How Altitude Affects a Formula 1 Car

One word always features whenever Formula 1 visits Mexico City: Altitude.

At 2,240 metres above sea level, the Autódromo Hermanos Rodríguez is by far the highest circuit on the F1 calendar.

That should be no surprise, considering Mexico City is one of the highest altitude cities in the world and sits in ninth place on the capital city altitude list.

To put the circuit in comparison for F1, the highest altitude we visit, aside from our annual trip to Mexico, is around 780 m when the sport heads to Sao Paulo.

It's an extreme height to operate at and affects all aspects of F1 cars.
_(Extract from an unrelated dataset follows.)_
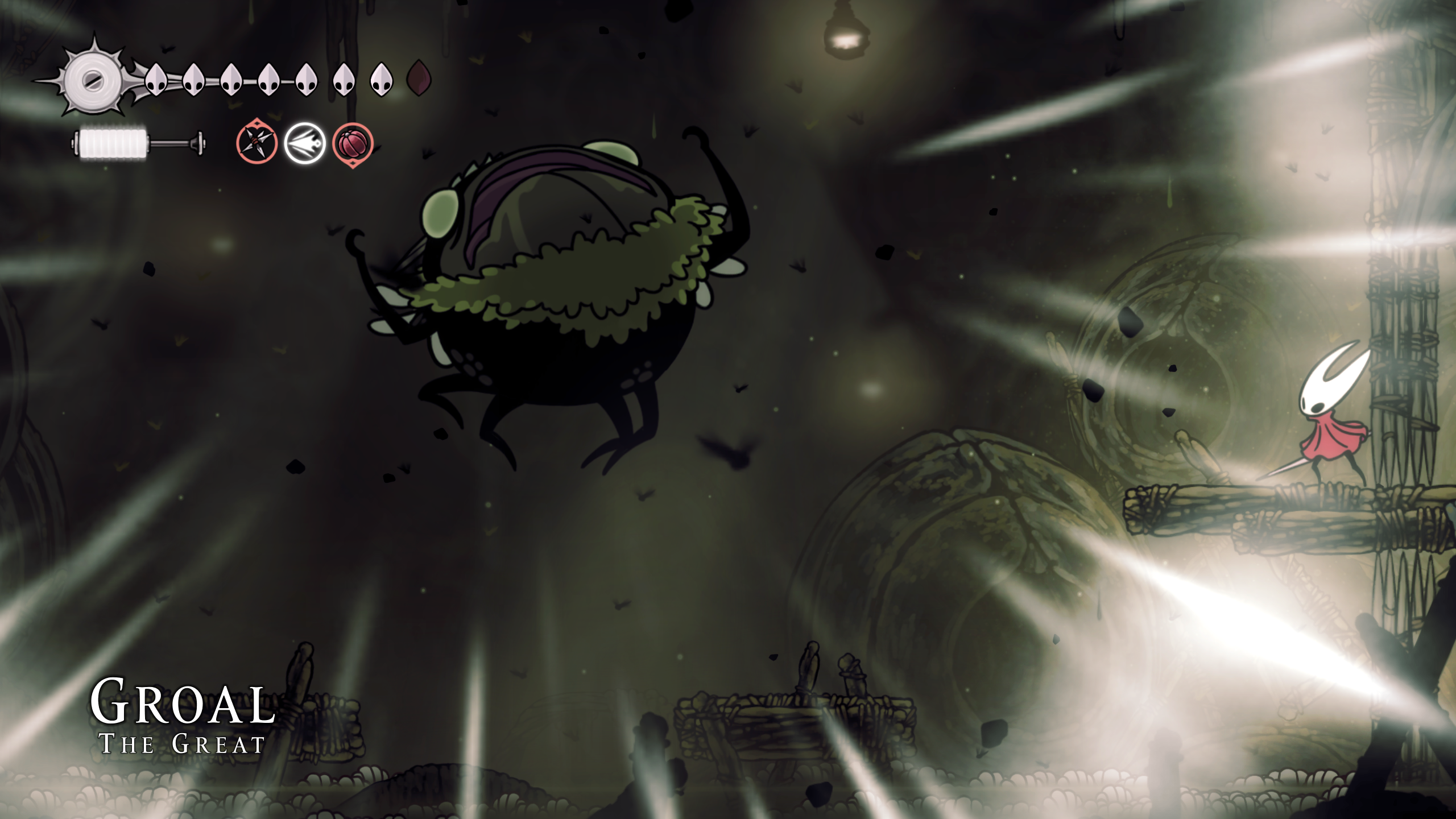 I found a closer bench, which was very well hidden. That was such a relief, and it cut the runback time to just a couple of minutes. It took me about 7-8 attempts to kill this boss. It has an attack where it swallows you, dealing two mask shards of damage one by one. But while you are inside its mouth, you can strike it as well. I was so lucky when it swallowed me. I had two mask shards, and my last hit killed it, or I would be dead.

Here's what we need to prepare for when racing at altitude.

F1 cars can corner at such breathtaking speeds because of the aerodynamic engineering that generates downforce so the tyres can produce more grip.

Just as an aeroplane's wings force the oncoming air to create lift and push the plane into the sky, an F1 car takes that concept and turns it upside down.
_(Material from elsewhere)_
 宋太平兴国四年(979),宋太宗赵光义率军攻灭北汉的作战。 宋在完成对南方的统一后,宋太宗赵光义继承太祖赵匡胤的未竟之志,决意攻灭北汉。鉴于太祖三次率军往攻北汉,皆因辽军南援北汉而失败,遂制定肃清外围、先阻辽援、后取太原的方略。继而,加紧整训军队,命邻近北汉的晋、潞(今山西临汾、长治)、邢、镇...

You'll spot the aerodynamics most clearly at the rear wing, where the teams use varying angles to generate the ideal amount of downforce for the circuit they're racing at.

Typically, a driver only wants downforce when cornering as it will slow the car down when driving on a straight when they'd like as little drag as possible.
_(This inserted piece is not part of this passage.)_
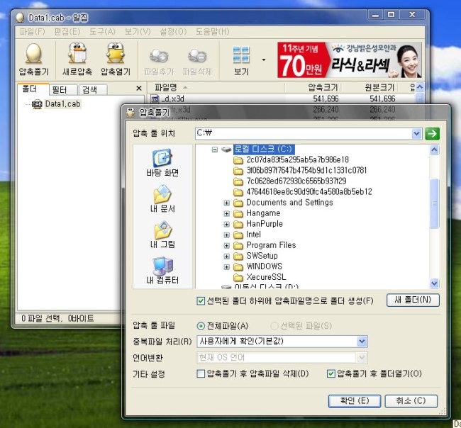 v3 zip, 7 zip 등의 압축프로그램을 깔아서 풀어보십시오.

High-altitude racing reduces the amount of downforce and drag generated because of the reduced air density.

Aerodynamics require air particles to work, so with the thinner air at altitude, there are fewer particles for the car's aero to push against.

F1 teams use high-downforce aerodynamic configurations usually reserved for tight and twisty tracks like Monaco when they race at Mexico City.

Yet, even this high-angle wing can produce less downforce than the low-downforce setup reserved for Monza's high-speed straights.

The result is the needle pushing up the speedometer irrespective of the downforce setup, with Valtteri Bottas setting an F1 Grand Prix speed record of 372.5 km/h (231.4 mph) in the Williams Racing FW38 in the 2016 Mexican GP.

Inversely, there is reduced grip available in high-speed corners, hence the high-downforce rear wings you'll spot around Mexico City, which help the drivers turn but without the penalty of drag.

Equally, DRS is less powerful here than at other circuits, as the rear wing isn't generating anywhere near as much drag down the straights.

While aerodynamic changes might seem an obvious issue for long-time fans who think about racing at altitude, some might overlook cooling the car.

F1 cars use the incoming air to cool down the many components that come together to create such advanced machinery.

With so much thinner air in Mexico City, fewer air particles are hitting the car than at equivalent speeds elsewhere on the calendar.

Reduced air pressure means that elements like tyres, brakes, and power units don't get as much air flowing over or through them and cannot sufficiently cool down.

Subsequently, teams will open the bodywork and brake ducts to capture more air in an effort to compensate for the altitude.

This change would ordinarily increase the drag on the car, slowing it too much down straights and leaving the drivers at a disadvantage.

When racing at altitude, however, the drag is sufficiently reduced so it's less impactful, allowing for wider air intakes for the power units, brakes, and other components that require cooling.

One component's performance that is surprisingly unaffected by the heights of Mexico City is the modern-day power unit.

Engine output will usually be reduced by around 1% per every 100 m increase in altitude above sea level.

For example, a standard internal combustion engine will be approximately 22% less effective at Mexico City's 2,240 m altitude than at the mostly sea level Yas Marina Circuit in Abu Dhabi.

However, more air is pumped into an F1 car's power unit already, thanks to the turbocharger part of the power unit.

Although there is a reduction in power output, it is less than what a standard car's engine suffers from because the turbo is already pushing more air into the power unit, plus there is less aerodynamic drag that the engine must drive against.

The downside is that the turbo must run harder and, therefore, hotter as it pumps more air into the power unit, hence the additional cooling requirements.

One final part of racing performance that altitude affects isn't anything that the designers or engineers can mitigate against.

Humans will generally operate worse at higher altitudes and the thinner air that goes along with great heights.

The drivers are the most visible example of this, seeing as they're the ones pushing the limits for 300 km of racing, but altitude affects the whole team.

Fatigue will happen quicker at higher heights, so strategy calls, pit stops, repairs, and car setup changes might become slower than when racing at sea level.

Sleeping isn't as easy at altitude, either, as less oxygen affects the brain and results in more frequent awakenings and more difficulty falling asleep in the first place.

Fatigued and sleep-deprived drivers and team personnel are more likely to make mistakes, further increasing the difficulty of competing in an already challenging sport.

In some more extreme cases, altitude sickness can impact people who acclimatised to the 2 km height of Mexico City, too.